伊佐の腕の中で俊輔はどこから話そうかと考えた。
俊輔の気持ちも吉賀の想いもすでに知った伊佐には、晴れて結ばれていいものだと思われているはずだ。
それは津和野も同様。
だけど出てきた結果は想定外の俊輔の態度で…。
当然のように話だけでは済まない何かが起こったことを表している。
「吉賀とね…」
「うん」
伊佐は慌てさせることもせず、俊輔の出方を待っていた。
落ち着かせようとするのか、宥めてくれるように静かにポンポンと背中を撫でられる。
「…吉賀のこと、…好きって言えたの…」
「そう」
掌が無言で、がんばったね、と褒めてくれている。
「で…、…だけど…」
言いかけてもやっぱり性行為に及んだことまでを口にするには間があいた。
誤魔化したい気持ちが湧いたのか、一層伊佐に近づいてその胸元に額をこすりつけた。
俊輔の頭上に伊佐の鼻先が落ちてくる。
過去にあった伊佐との行為が思い出されて、あの時のように快感を味わうにはどうしたらいいのかと脳内を巡るものがある。
これも、焦りからくるものなのだろうか…。
ぽろりと言葉がこぼれていった。
「吉賀に求められて、…俺も大丈夫だって思った…。

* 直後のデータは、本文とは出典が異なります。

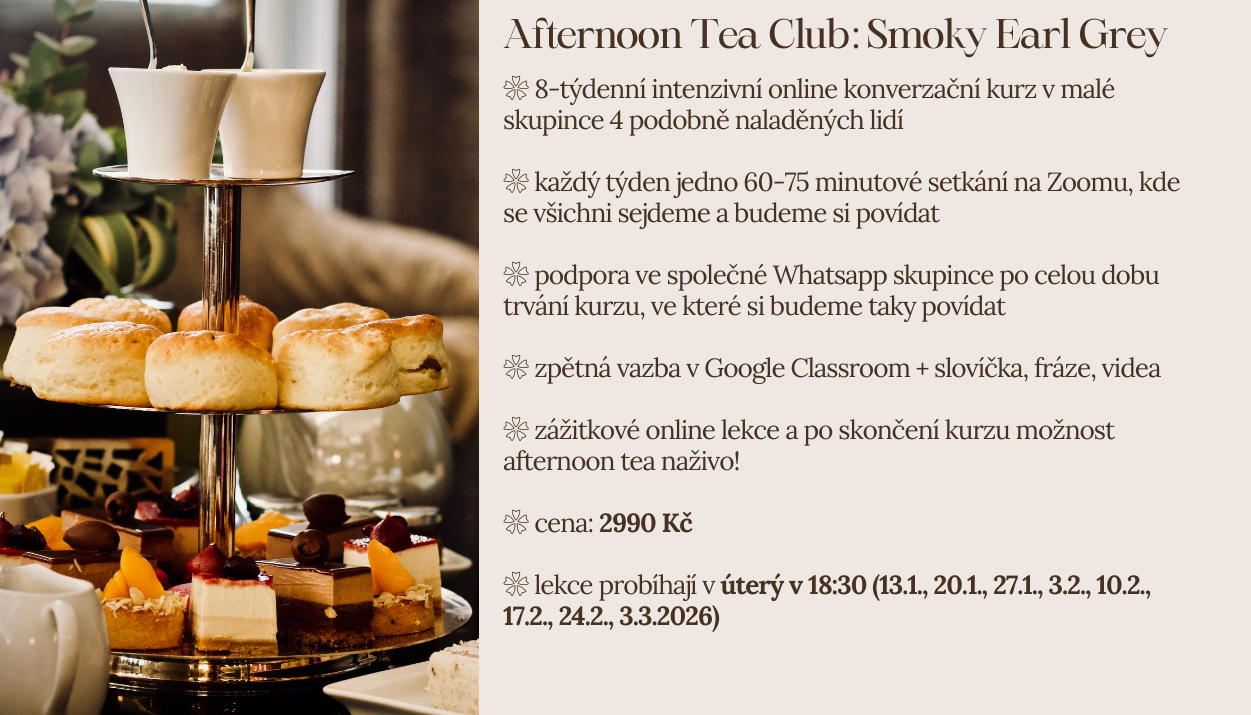 Afternoon Tea Club: Smoky Earl Grey je intenzivní online konverzační kurz angličtiny. V průběhu osmi týdnů si nejen dáte mnoho čajů s malou skupinkou podobně naladěných lidí, ale rozmluvíte se a překonáte obavy z aktivního používání cizího jazyka.
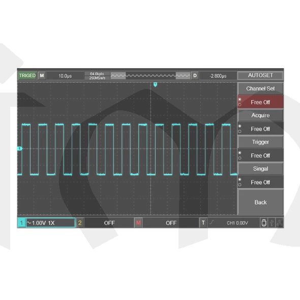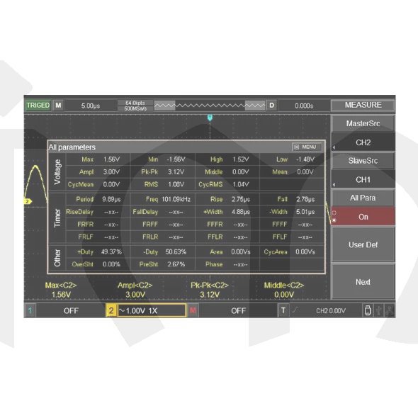 - automatické měření parametrů signálu: Max, Min, High, Low, Middle, Pk-Pk, Ample, Mean, Cycle Mean, RMS, Cycle RMS, Area, Cycle Area, OverShoot, PreShoot, Period, Freq, Rise, Fall, +Width, -Width, +Duty, -Duty, RiseDelay, FallDelay, Phase, FRFR, FRFF, FFFR, FFFF, FRLF, FRLR, FFLR, FFLF
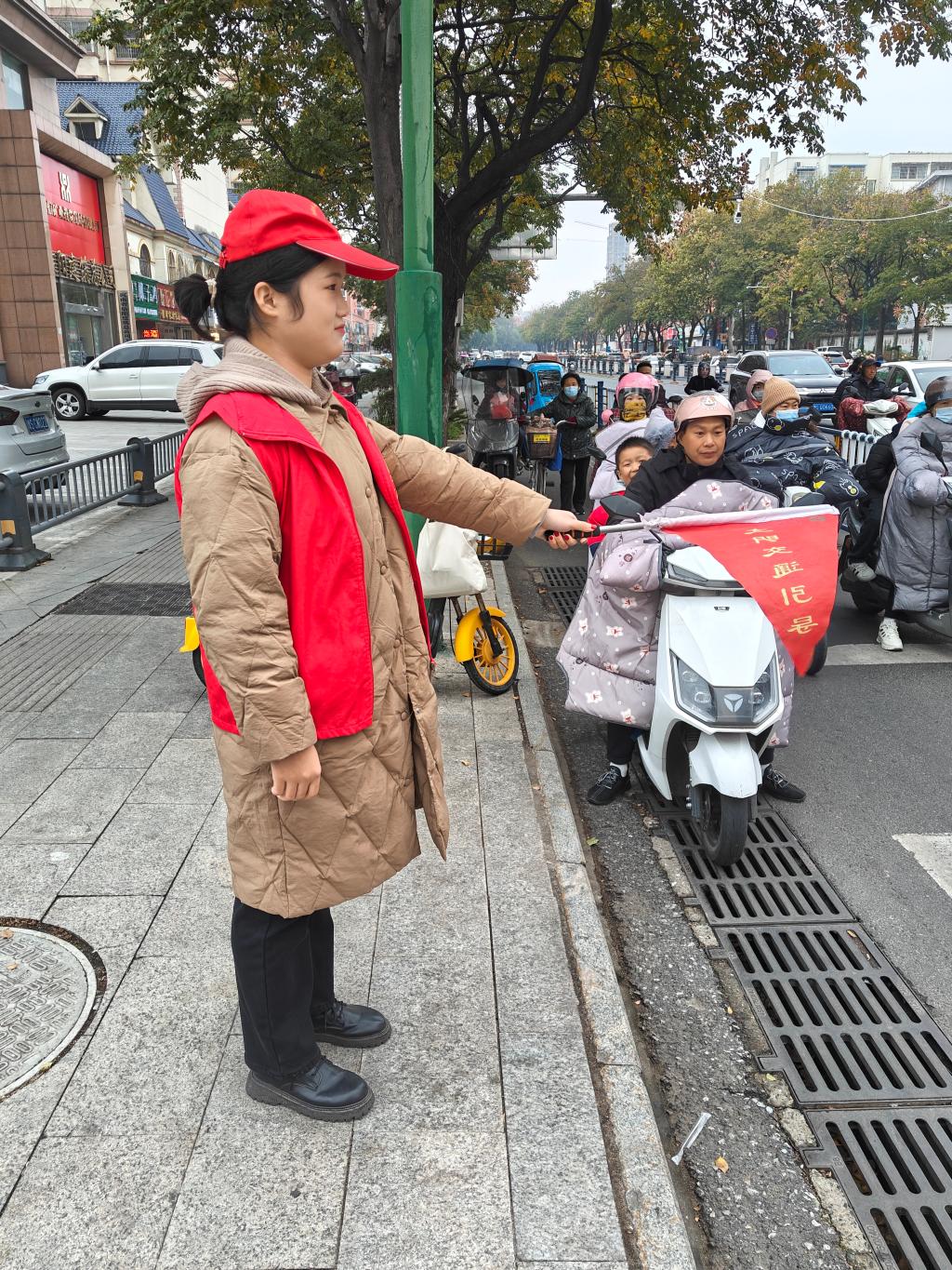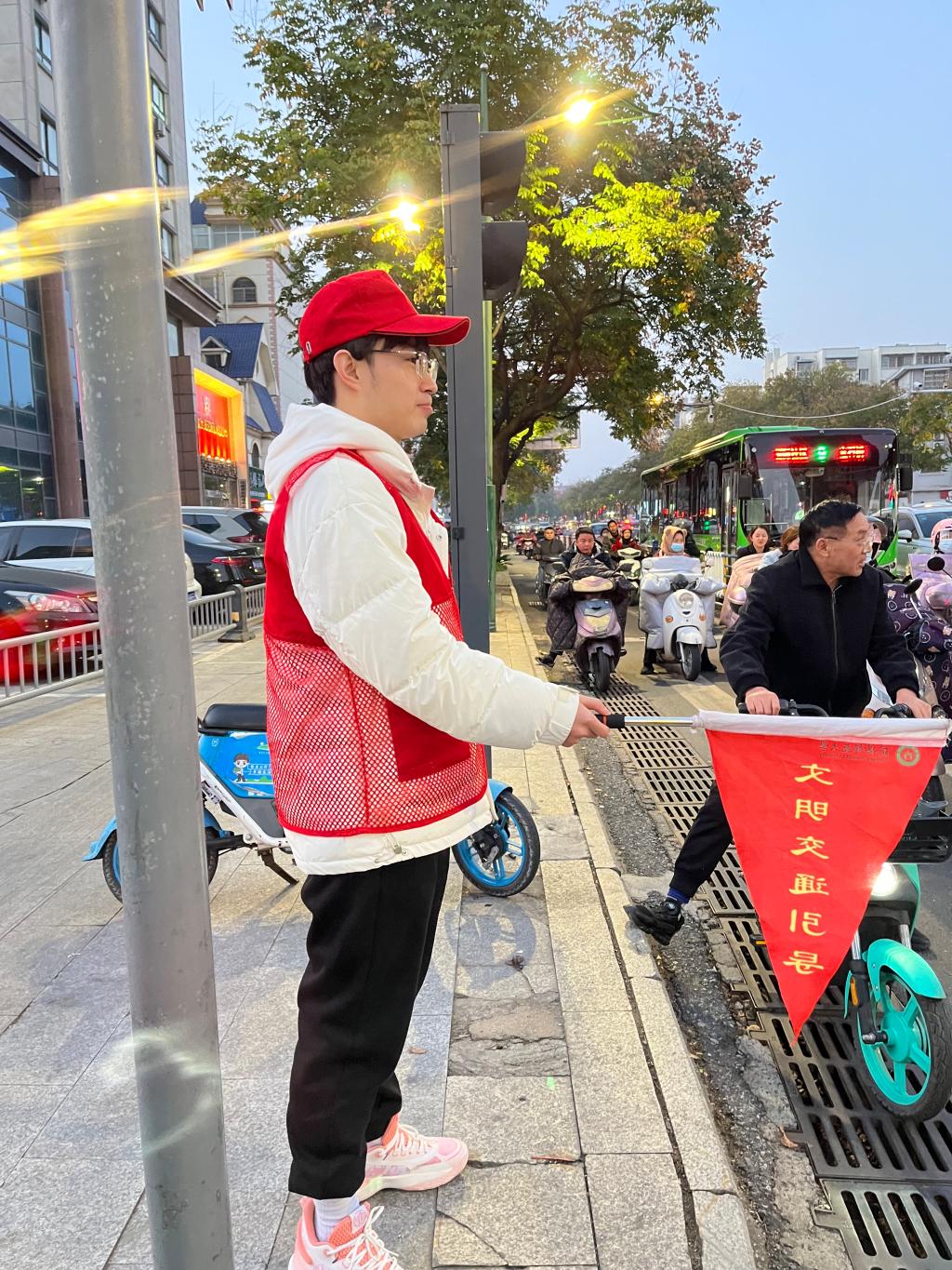 不管是晨光熹微,还是夜幕低垂,志愿者们都顶着寒风、冒着冬雨坚守在交通文明劝导的岗位上。“请走人行道,注意交通安全。”志愿者挥舞小旗,打着手势给行人和车辆指引正确的路线。“往前走,下个路口就到。要是还找不到,可以再问我们。”志愿者的热心解答换来了求助人开心的微笑。他们的身躯虽然在寒风中微微颤抖,但目光依然坚定;他们的手臂在冷雨中上下挥舞,充满着力量。他们的微笑在冬日里散发着温暖,如一朵朵暖心的红梅。

…でも…」
ぎこちない言葉の中から伊佐は確実に問題点を汲み取った。
背にあった手がそっと尻へと下りて行く。薄い丸みを包まれる。
「ここを?」
俊輔は声に出すことなく、頷くことで返事をする。
頭上で俊輔に気付かせない程度の、だけどそばにいれば分かってしまう少し大きな溜め息の音。
してはいけないことをしてしまったような後悔が、瞬時に俊輔の中に生まれた。
そしてまた、吉賀を責められるのではないかという思いが、咄嗟の言い訳を告げる。
「で、でも、途中までは、…大丈夫だったの…。…その、…伊佐さんとのことがあったし…、またあんなふうに…って…」
「うん」
伊佐の返事は何ら変わりが見られない。
俊輔が恥ずかしいと思うことも、伊佐にしてみれば一般的な日常会話の内容でしかないようなものなのか…。
そのことは俊輔を安心させることにも繋がった。
「…うしろ、触られたら、痛くないのに、…痛いのか分からなかったけど、怖くて逃げだしてた…。……気持ちはずっと、吉賀に向いているのに…っ…」
俊輔が話し終わると、伊佐の腕に力が籠って一層強く抱きしめられた。
「まったく…。若いっていうのはいいんだか悪いんだか…」
クスリとした笑みさえあるような、呆れと感心の混じった声音だ。
それでも良く言えました、とご褒美のように額に唇を当てられる。
「彼を拒絶したことになったんじゃないかって落ち込んでいたのか…」
「だって…」
普通に考えればそうではないのかと俊輔は悩んでいたのに、その心配はないといった具合の伊佐の言葉だった。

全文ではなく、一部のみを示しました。